- [WHAT YOU WILL DO]
Return the material exactly, first line through the line containing "Stainless Steel - Silver", and nothing more. Pictures stay out.

- [AVAILABLE DATA]
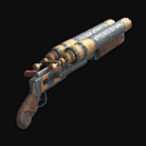 The Last Hero DBS is a striking Rust Double Barrel Shotgun skin that features a vibrant and somewhat gritty design. The skin is dominated by a deep red base, adorned with intricate gold and black accents that create a bold contrast. The artwork reflects a theme of heroism and valor, with stylized graphics that lend an almost comic book feel to the weapon. The Double Barrel Shotgun itself is a powerful close-range weapon in Rust, known for its ability to deliver devastating damage in a single shot, making it a popular choice for ambush tactics and defending against intruders.
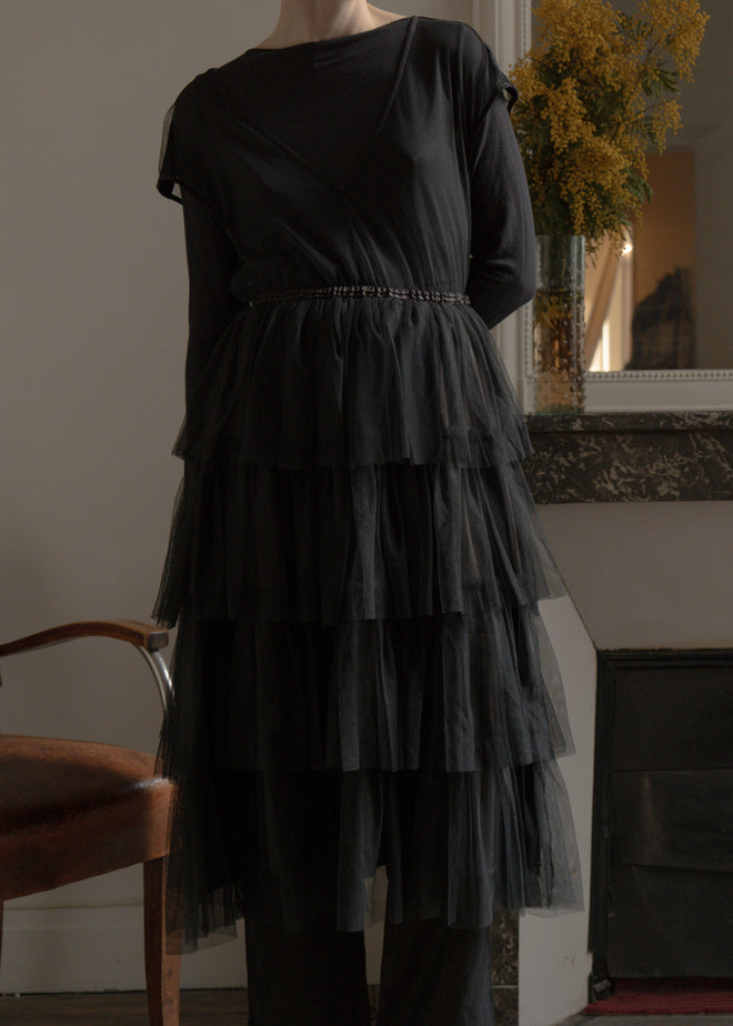 MADE IN ITALY LONG BLACK DRESS IN A TULLE FABRIC WITH MULTIPLE LAYERS AT THE SKIRT AND V NECK DECOLLETE, TRANSPARENT TOP WITH STRAIGHT LINE DOWN THE BACK
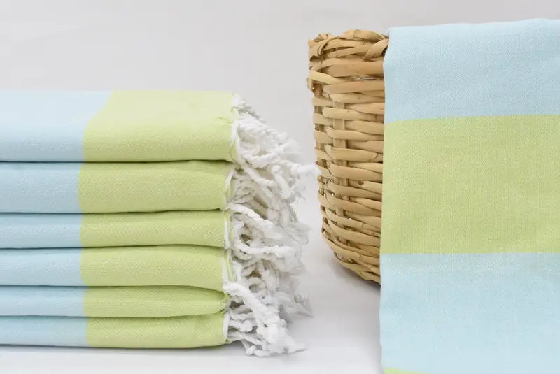 Turkish cotton, ensuring superior absorbency and durability, is characterized by its natural fibers. The towel's dimensions measure 70" x 36" inches or 180 cm x 90 cm, with a tolerance of up to 1-2.5 cm due to the hand-weaving process, and weighs between 240-300 grams. The resulting product provides comfort and flexibility while maintaining its structural integrity.
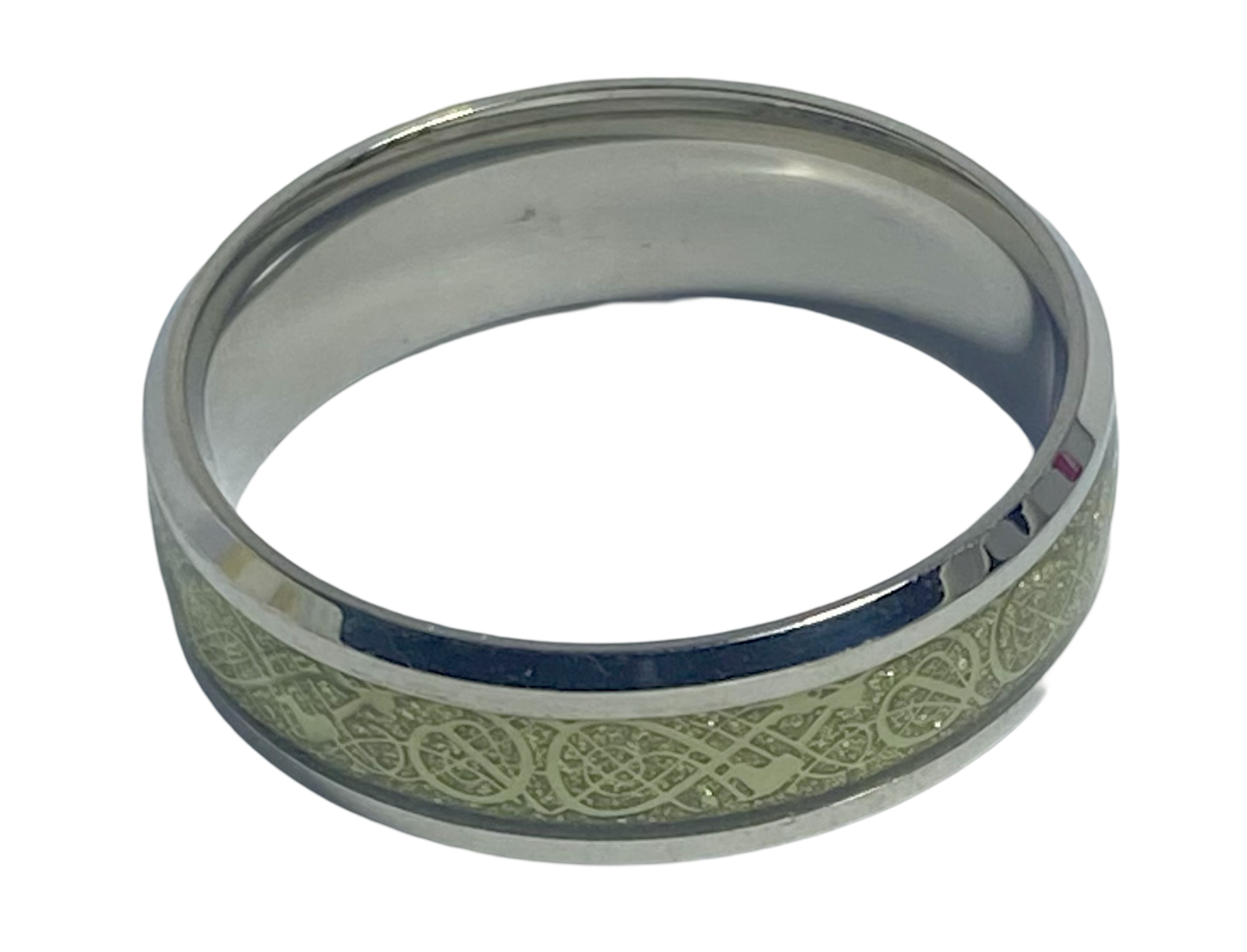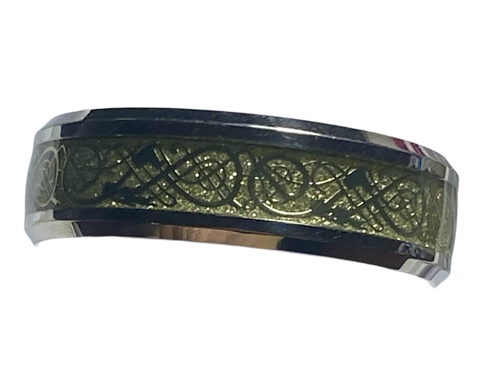 Stainless Steel - Silver with gold pattern ring. Size 14. RW245
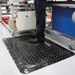 Rohož se dodává se zkosenými hranami, které chrání pracovníky před zakopnutím a umožňují přístup lehčím mechanismům s kolečky.
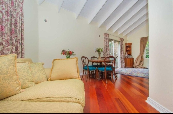 Nestled in the suburban charm of Florida North, Roodepoort, this lovely home offers a relaxed lifestyle within a secure complex. Step inside and discover a welcoming open-plan living and dining area, complete with high vaulted ceilings and exposed beams that add a touch of character. The polished hardwood floors flow beautifully throughout, creating a warm and inviting atmosphere. The kitchen is a real highlight, featuring modern built-in stainless steel appliances like an oven, microwave, and range hood. You'll find plenty of storage with the light wooden cabinetry, complemented by dark countertops and a neat tiled backsplash. It's a functional space that connects nicely to the living areas, perfect for everyday life and entertaining.
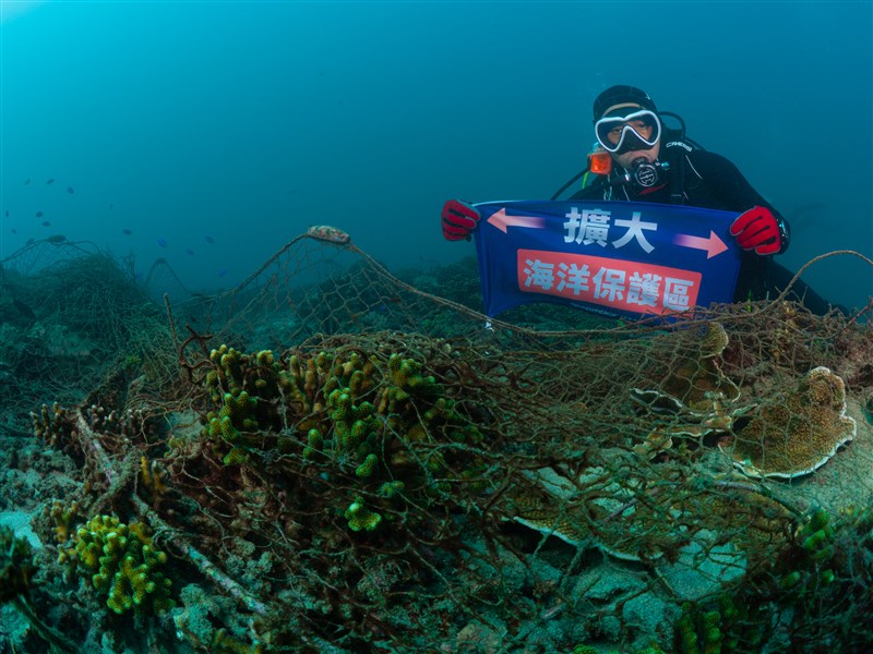 綠色和平指出,2022年於澎湖發起淨海行動在水下發現大批廢棄漁網覆蓋珊瑚,凸顯海洋保育法立法的急迫性。圖/綠色和平提供
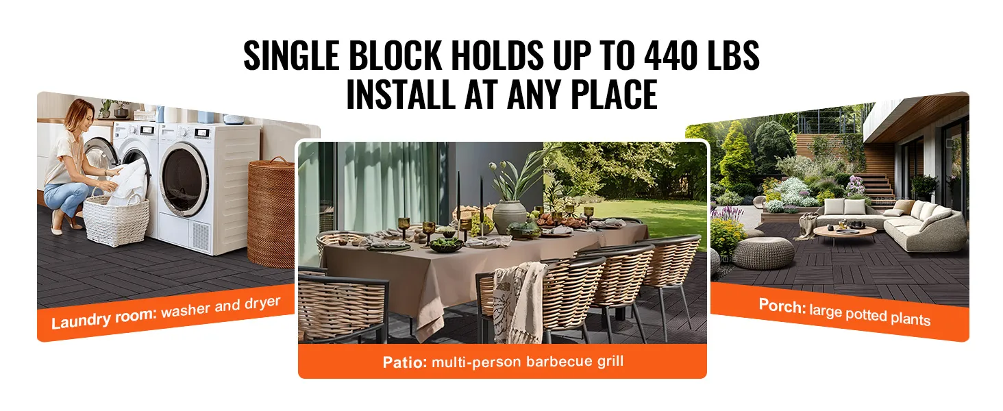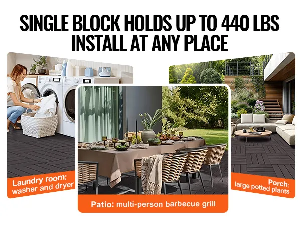 Nośność 440 funtów / 200 kg: Grubość płyt tarasowych wynosi 0,8 cala / 20 mm, dzięki czemu z łatwością utrzymają się na nich ciężkie przedmioty, takie jak ciężarówki, wanny, sofy, pralki i grille.
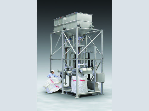 Bagging rates are further increased by drastically reducing the time needed to load material into the bag. Whereas conventional fillers are typically mounted on load cells, allowing a PLC to open and close a valve or start and stop a conveyor to slowly fill the bag by weight, the new system employs dual gain-in-weight hoppers positioned above the bulk bag fillers. This allows pre-weighed material to descend into the bag at extremely high rates, and saves additional time by refilling the weigh hopper while the full bag is being removed and an empty bag is being connected.
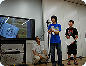 今回はいままでのデジタルなものとちがって、アナログなパラパラマンガ制作です。講師は、タケシでデジタルコミックを連載しているピョコタン先生、白佐木和馬先生、おおたまこと先生のお三方です。
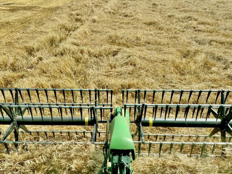 Down, tangled straw means slow going for the machines, but it results in recored-setting yields this year.

- [EXERCISE ANSWER]
 The Last Hero DBS is a striking Rust Double Barrel Shotgun skin that features a vibrant and somewhat gritty design. The skin is dominated by a deep red base, adorned with intricate gold and black accents that create a bold contrast. The artwork reflects a theme of heroism and valor, with stylized graphics that lend an almost comic book feel to the weapon. The Double Barrel Shotgun itself is a powerful close-range weapon in Rust, known for its ability to deliver devastating damage in a single shot, making it a popular choice for ambush tactics and defending against intruders.
 MADE IN ITALY LONG BLACK DRESS IN A TULLE FABRIC WITH MULTIPLE LAYERS AT THE SKIRT AND V NECK DECOLLETE, TRANSPARENT TOP WITH STRAIGHT LINE DOWN THE BACK
 Turkish cotton, ensuring superior absorbency and durability, is characterized by its natural fibers. The towel's dimensions measure 70" x 36" inches or 180 cm x 90 cm, with a tolerance of up to 1-2.5 cm due to the hand-weaving process, and weighs between 240-300 grams. The resulting product provides comfort and flexibility while maintaining its structural integrity.
 Stainless Steel - Silver with gold pattern ring. Size 14. RW245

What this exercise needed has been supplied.